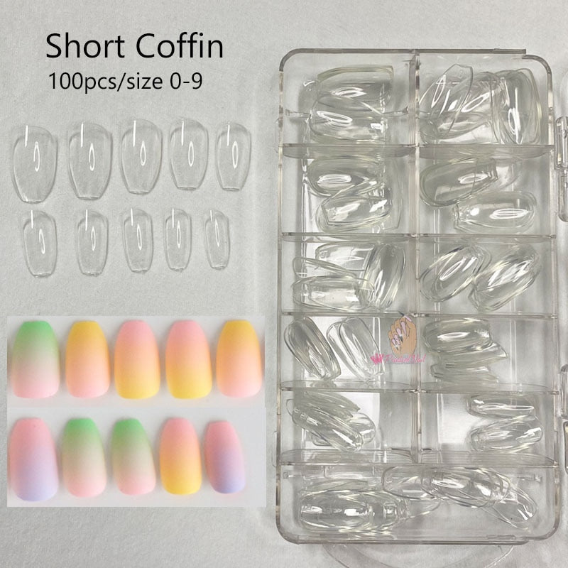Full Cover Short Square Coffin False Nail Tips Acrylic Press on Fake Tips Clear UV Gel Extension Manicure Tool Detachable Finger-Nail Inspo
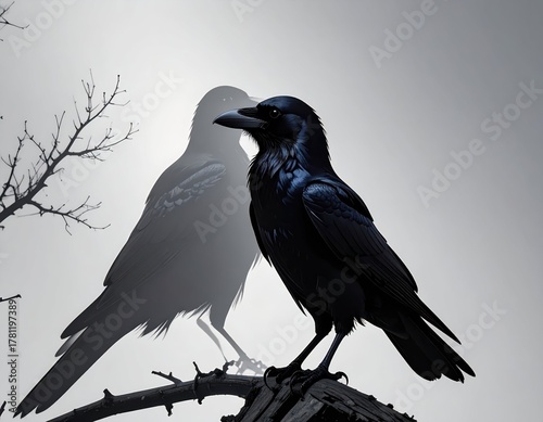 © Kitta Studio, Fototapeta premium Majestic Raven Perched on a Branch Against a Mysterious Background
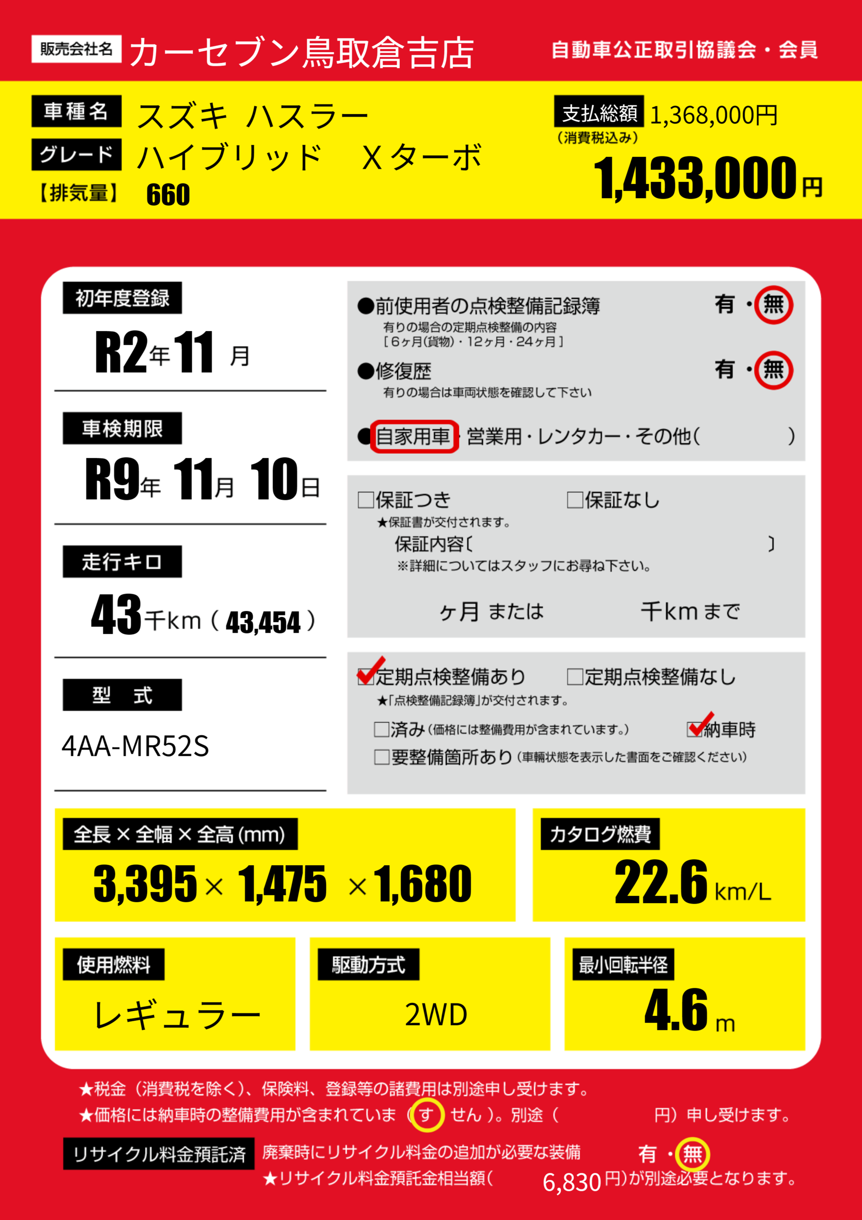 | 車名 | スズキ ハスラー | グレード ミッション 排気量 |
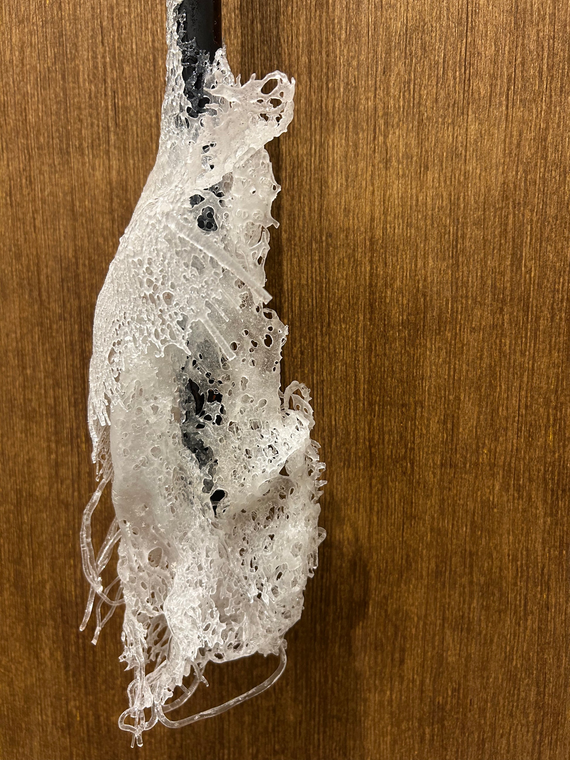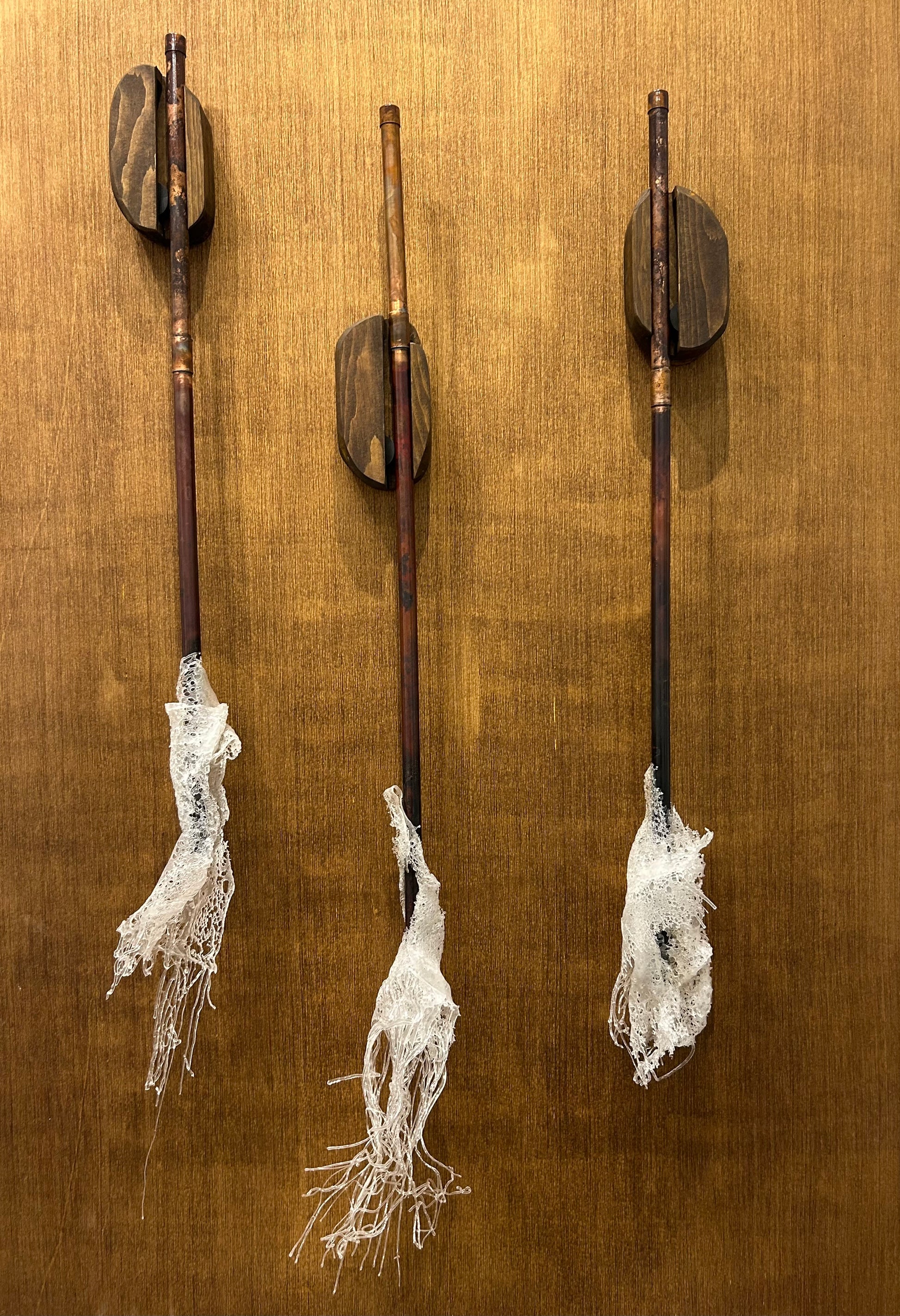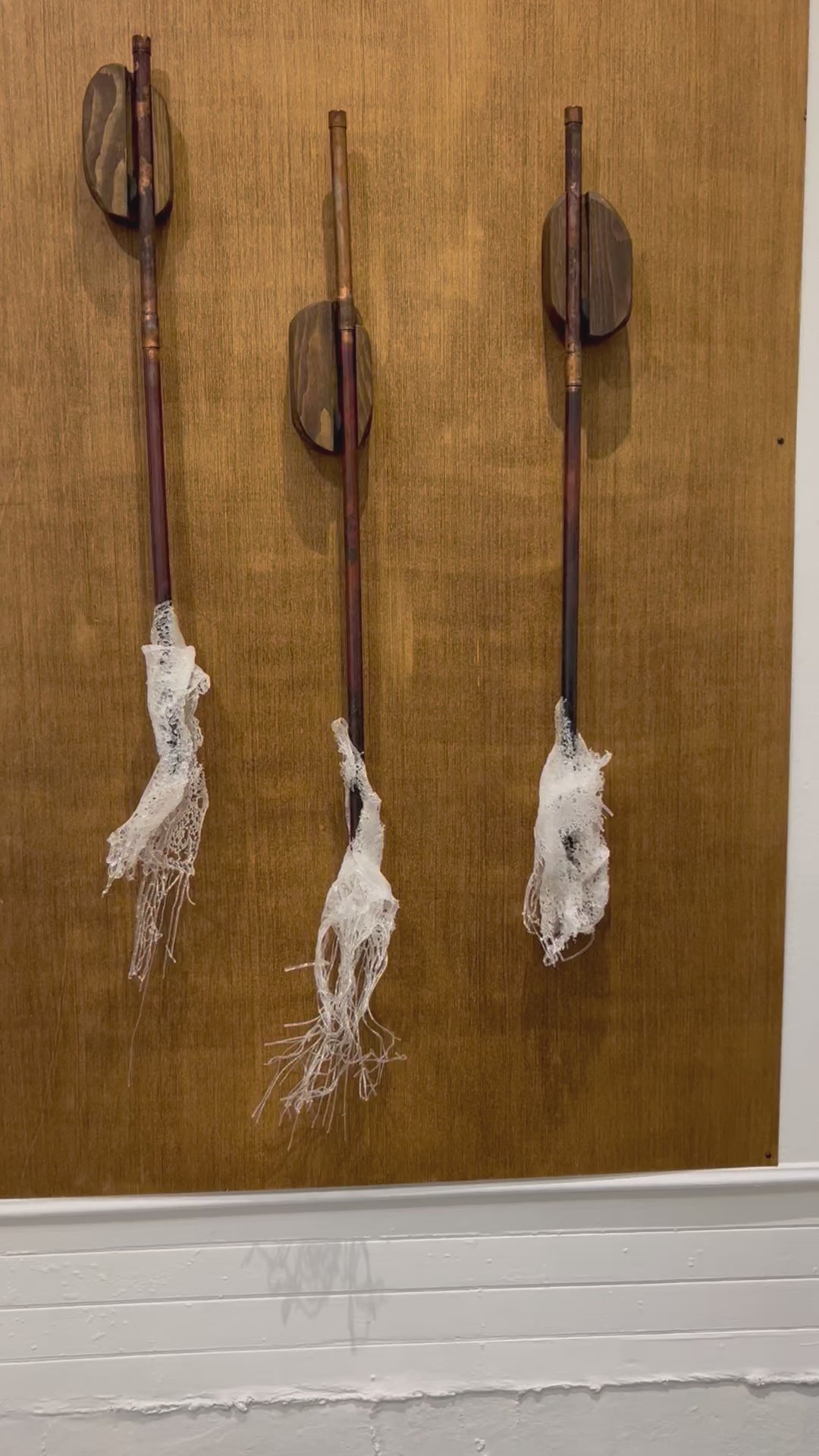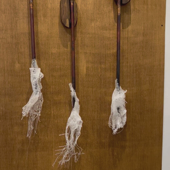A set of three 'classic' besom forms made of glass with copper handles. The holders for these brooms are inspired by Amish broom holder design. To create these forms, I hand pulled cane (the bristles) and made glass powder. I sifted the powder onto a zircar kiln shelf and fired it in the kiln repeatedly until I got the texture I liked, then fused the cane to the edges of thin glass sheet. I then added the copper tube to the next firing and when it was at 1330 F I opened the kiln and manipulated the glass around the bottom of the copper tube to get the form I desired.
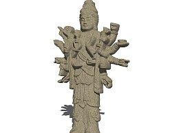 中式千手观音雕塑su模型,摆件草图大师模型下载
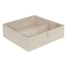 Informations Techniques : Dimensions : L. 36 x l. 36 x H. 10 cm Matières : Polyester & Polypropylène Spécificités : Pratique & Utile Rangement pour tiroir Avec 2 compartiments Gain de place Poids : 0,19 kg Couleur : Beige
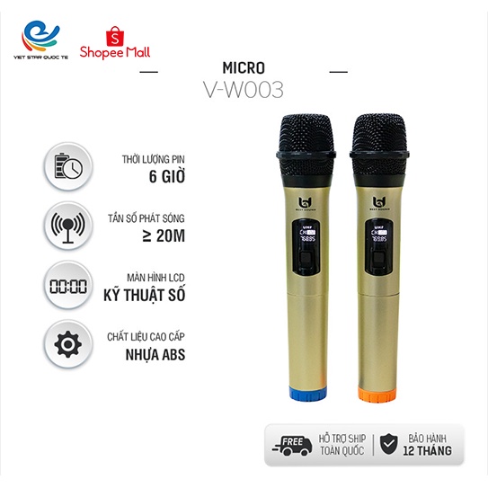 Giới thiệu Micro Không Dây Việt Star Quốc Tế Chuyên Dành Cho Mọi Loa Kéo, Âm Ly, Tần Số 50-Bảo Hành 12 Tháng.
____________________
**WHAT YOU SHOULD DO:** Reproduce the data above exactly, but only from the line containing "ミッション 排気量 |" through the line containing "中式千手观音雕塑su模型,摆件草图大师模型下载"; skip the pictures.

**ANSWER TO THIS TASK:**
 | 車名 | スズキ ハスラー | グレード ミッション 排気量 |
A set of three 'classic' besom forms made of glass with copper handles. The holders for these brooms are inspired by Amish broom holder design. To create these forms, I hand pulled cane (the bristles) and made glass powder. I sifted the powder onto a zircar kiln shelf and fired it in the kiln repeatedly until I got the texture I liked, then fused the cane to the edges of thin glass sheet. I then added the copper tube to the next firing and when it was at 1330 F I opened the kiln and manipulated the glass around the bottom of the copper tube to get the form I desired.
 中式千手观音雕塑su模型,摆件草图大师模型下载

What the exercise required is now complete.